Va detto che una comunità non è la somma delle opinioni in proposito della maggioranza dei suoi componenti del momento, ma affonda nella cultura e nella storia del territorio che la connota. Ciò che è accaduto in Scozia rammenta la situazione dell’Ucraina. E anche dell’Italia.

A Bolzano, alla vigilia della prima guerra mondiale, gli italiani erano meno del 5% dei residenti e i tedeschi oltre il 90%. Oggi, gli italiani di Bolzano sono più del 70% e i tedeschi il 25%. Mussolini ha diligentemente imbottito quella città di innumerevoli famiglie e imprese venete e friulane e di corpose guarnigioni militari e burocratiche meridionali. E questo flusso è proseguito nel tempo.

L’immigrazione di stato è lo strumento più potente per denazionalizzare un territorio. Se ad essa si somma l’espulsione più o meno forzata degli autoctoni e la persecuzione capillare ed efferata delle strutture e delle caratteristiche tradizionali, la frittata è fatta. Oggi, la grande maggioranza dei bolzanini, in un referendum eventuale sceglierebbe in piena libertà di appartenere alla comunità italiana. Per fortuna, attorno a Bolzano e a pochi altri centri, si stende il Tirolo meridionale, che rimane il presidio irriducibile della “genuinità” del territorio. Un indipendentista serio, Gilberto Oneto, lo ha scritto e compreso.
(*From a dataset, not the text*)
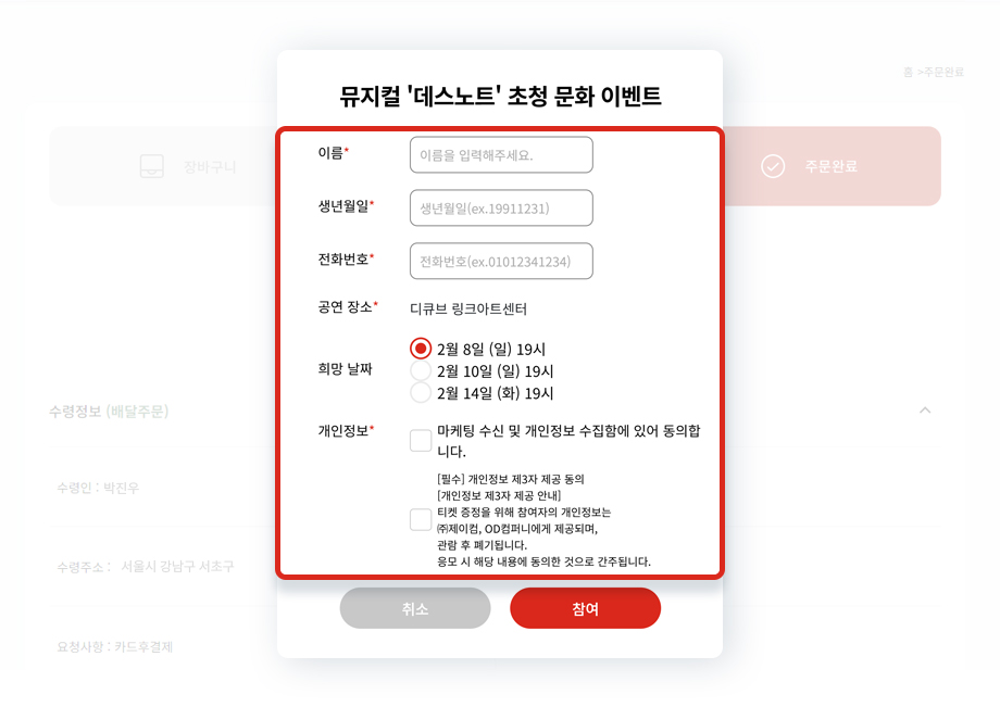 | 주문인 정보 : 이름 , 전화번호 수령인 정보 : 이름 , 전화번호 , 주소(배달주문 시) |

Diamo allora un’occhiata al conflitto Russia-Ucraina, a proposito del quale MiglioVerde continua a perorare la tesi oltranzista dei russi, in assenza di ogni contraddittorio. E ciò è curioso per non dire sospetto. Ed è anche un caso di mala informazione. L’abilità comunicativa di Mosca e la sua premiata fabbrica di falsi, sono realtà ormai accertate.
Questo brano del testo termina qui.